Personal information
- Native name: حسین کریمی
- Nationality: Iranian
- Born: March 25, 1992 (age 32) Ahvaz, Khuzestan Province, Iran
- Height: 1.78 m (5 ft 10 in)
- Weight: 96 kg (212 lb)

= Hossein Karimi (bodybuilder) =

Iranian bodybuilder

Hossein Karimi (born March 25, 1992, in Ahvaz, Khuzestan, Iran) is an Iranian professional bodybuilder and ifbb world champion. He is also the first and only Iranian men's physique athlete in MrOlympia history. He earned his pro card in 2022, and when he won a pro show in March 2022, he got qualified for Olympia in same year.He competed at the Olympia-Las Vegas 2022.

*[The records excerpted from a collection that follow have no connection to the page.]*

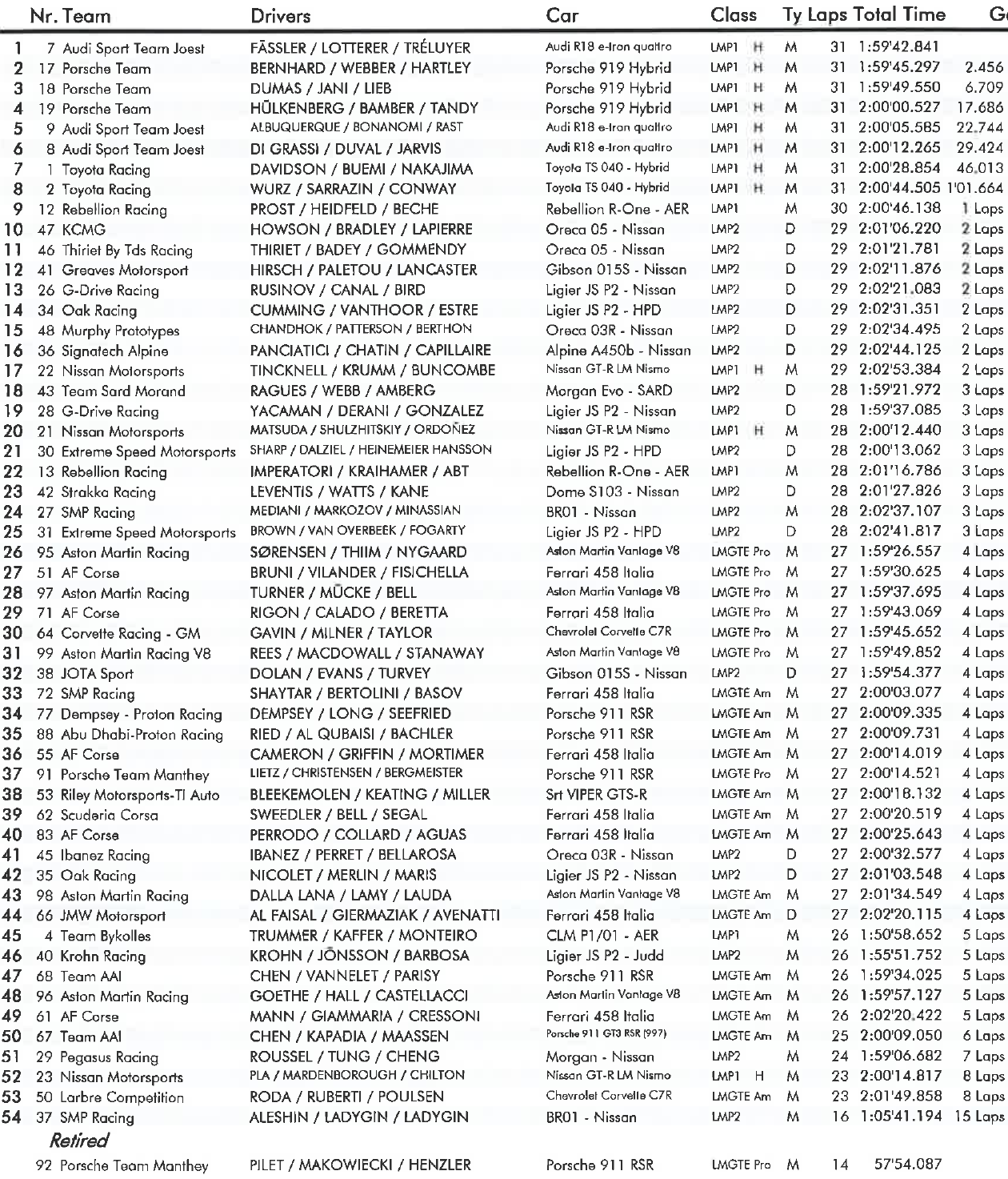 La première heure de course a été marquée par l’abandon de la Porsche 911 RSR #92. La GTE allemande a d’abord perdu de l’huile sur la piste avant de prendre feu. Les Rebellion #13 et Dome #42 ont été impliquées dans cet incident mais les deux prototypes ont repris la course. Aux termes de ces deux premières heures, L’Audi #7 est donc en tête devant les trois Porsche, dans l’ordre : #17, #18, #19.
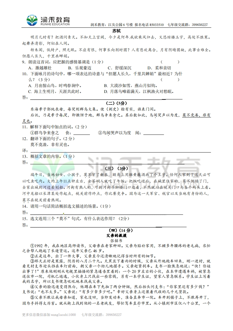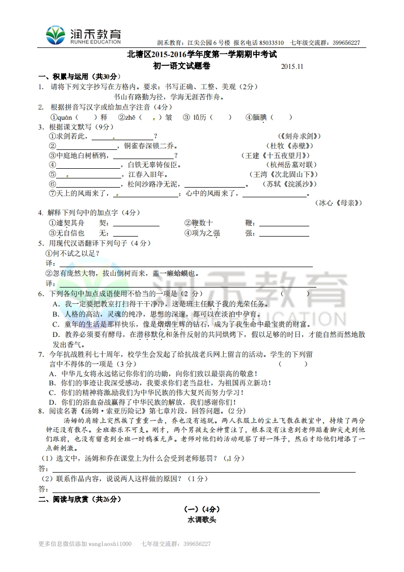 润无教育RUNHE EDUCATION润禾教育:江尖公园6号楼报名电话85033510七年级交流群:399656227北塘区2015-2016学年度第一学期期中考试初一语文试题卷2015.11一、积累与运用(共30分)1.请将下列文字抄写在方格内。要求:书写正确、工整、美观(2分)书山有路勤为径,学海无涯苦作舟。2.根据拼音写汉字或给加点字注音(4分)①qun()释②zhě(。)皱③1ǚ历()④腼腴()3.根据课文默写(9分)①求剑若此,(《刻舟求剑》)②铜雀春深锁二乔。(杜牧《赤壁》)③中庭地白树栖鸦,(王建《十五夜望月》)④白铁无辜铸佞臣。(杭州岳墓对联)⑤江春入旧年。(王湾《次北固山下》)⑥松间沙路净无泥,(苏轼《浣溪沙》)⑦天上的风雨来了,心中的风雨来了,(冰心《母亲》)4.解释下列句中的加点字(4分)①遽契其舟契:②鞭数十鞭:③无自信也无:④项为之强强:5.用现代汉语翻译下列句子(4分)①何不试之以足?译:②忽有庞然大物,拔山倒树而来,盖一癞蛤蟆也。译:二士6.下列各句中加点成语使用不恰当的一项是(2分)A.我一定要把教室打扫得干干净净,这是班主任赋子我的光荣任务。B.人格的高洁,灵魂的纯净,思想的深邃,都可以在淡泊中孕育。。童年的生活是那样快乐,像是熠烟生棒的钻石,成为了我生命中最宝贵的财富。○D.教养必须要有酵母,在潜移默化和条件反射的共同烘烤下,假以足够的时日,才能自然而然地散发出香气。7.今年抗战胜利七十周年,校学生会发起了给抗战老兵网上留言的活动。学生的下列留言中不得体的一项是(3分)A.中华儿女将永远铭记你你们的功勋,向你们致以最崇高的敏意!B.你们的事迹让我深受感动,我要求你们老当益壮,为祖国再立新功!C.你们的精神将激励我们为中华民族的伟大复兴而努力学习!D.你们的浴血奋战赢得了中华民族的解放,我们感谢你们!8.阅读名著《汤姆·索亚历险记》第七章片段,回答问题。(2分)汤姆的肩膀上突然挨了重重一击,乔也没有逃脱。两人衣服上的尘土飞散在教室中,持续了两分钟还没有散尽。全班都乐不可支。刚才,两个男孩太全神贯注了,根本没有注意到老师踮着脚尖走到他们跟前,也没有留意到全班一时鸦雀无声。老师对他们的活动观察了好一阵子,然后才给他们增添了一点新刺激。(1)选文中,汤姆和乔在课堂上为什么会受到老师惩罚?(1分)答:(2)联系作品内容,说说两人这样做的原因?(1分)答:二、阅读与欣赏(共26分)(一)(4分)水调歌头更多信息微信添加国anglaoshi1000七年级交流群:399656227
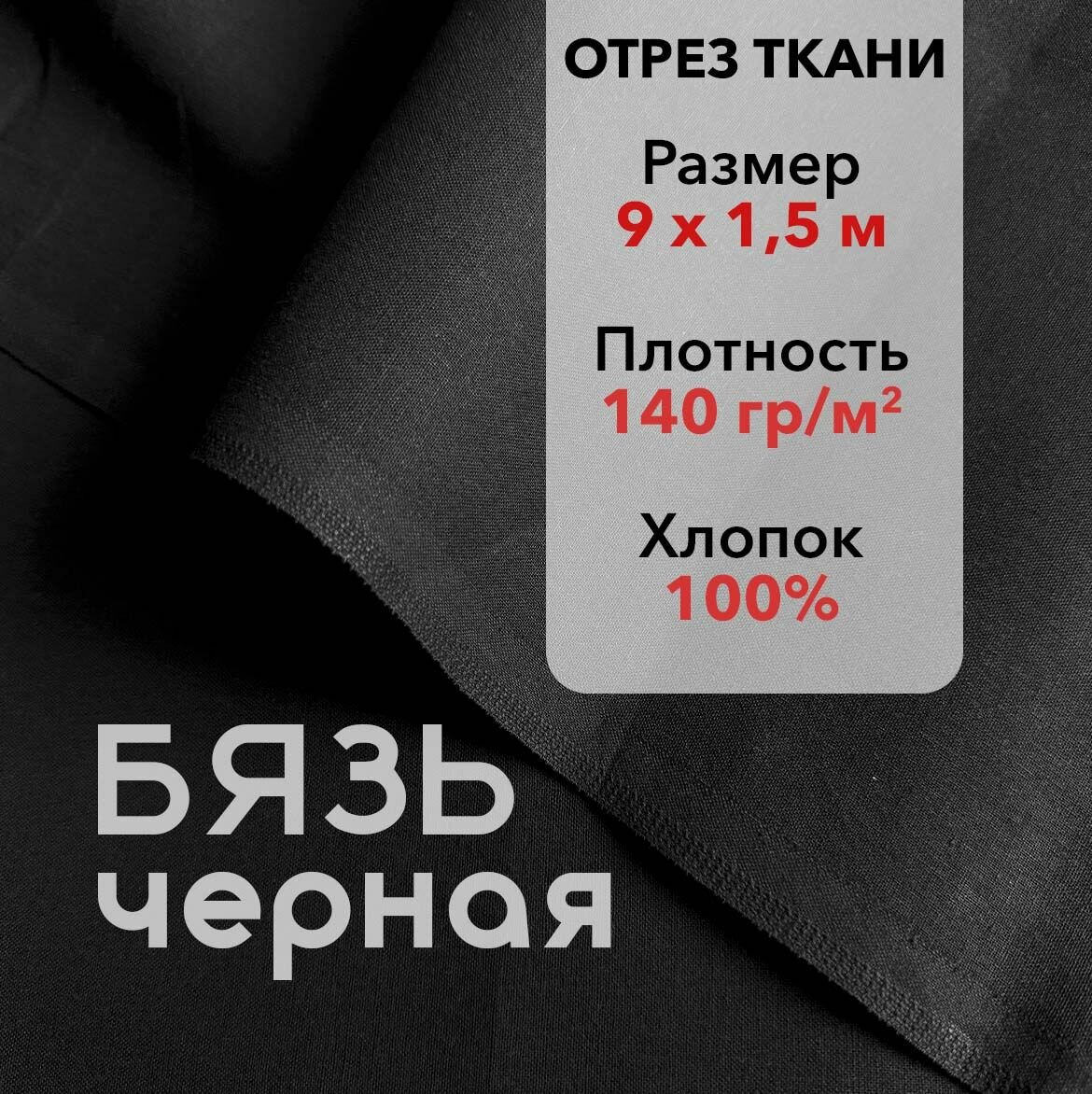 Ткань Бязь Черная, отрез 9 м, хлопок 100%, шир 150 см, плотность 140 г/м, Ткань для шитья и рукоделия
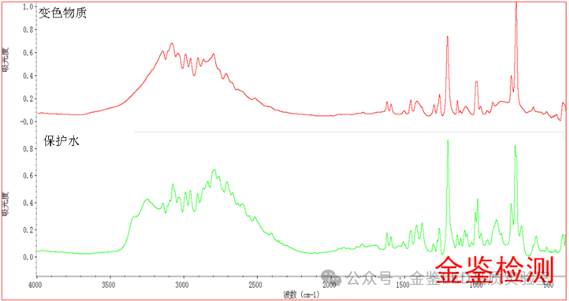 金鉴通过对变色质与保护水红外光谱谱图对比,变色物质和保护水谱图相似,在波数3250cm-1变色物质没有吸收峰是由于苯并三氮唑的N=N基团被氧化。
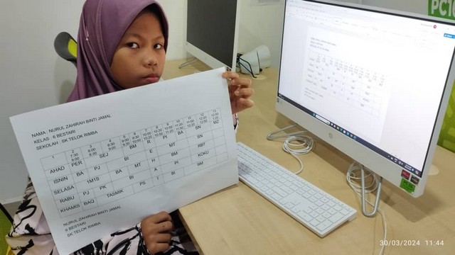 31 Mac 2024 | Aktiviti TerkiniNADI Telok Rimba telah mengadakan kelas bersama peserta di bawah umur 15 tahun dan bersama-sama membuat jadual kelas pelajar dengan menggunakan MS Word. Pelajar menyalin jadual kelas mereka yang telah dibawa terlebih dahulu sebelum dicetak.
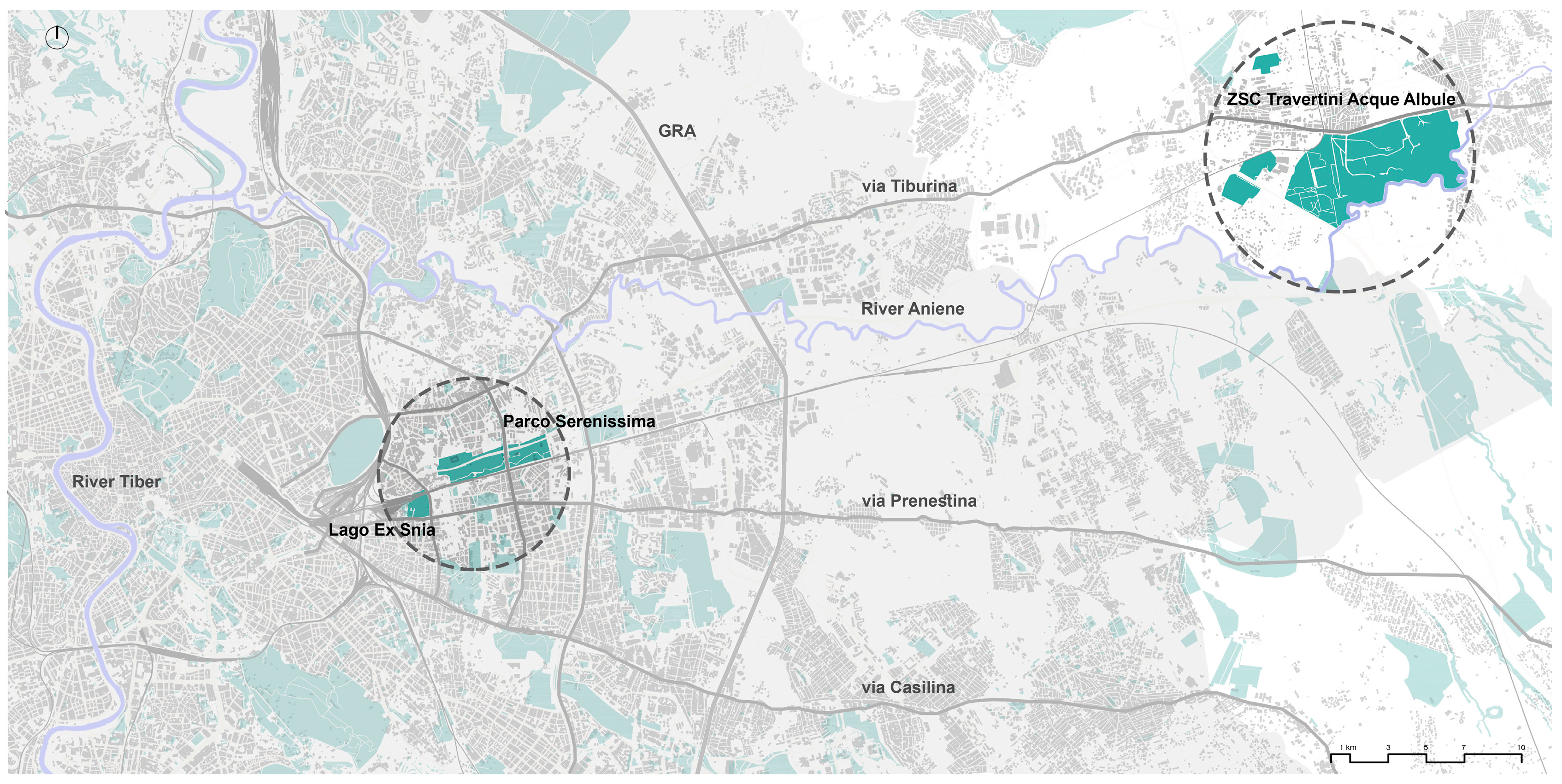 - corridor/metropolitan scale—scenario-building for the Rome–Tivoli axis to test how the three sites could act as strategic nodes within a broader greenway integrating formal parks, informal habitats and heritage sites.

He used to be the champion of three different fields which is powerlifting, bench press, and muscular physique, and also a member of the Islamic Republic of Iran national team in all the three fields. He started bodybuilding since at 13 and also won his first national powerlifting competition championship in 2007. He became a member of the Iran powerlifting national team in 2010 and also increased the world record by 2.5 kilograms in 2013.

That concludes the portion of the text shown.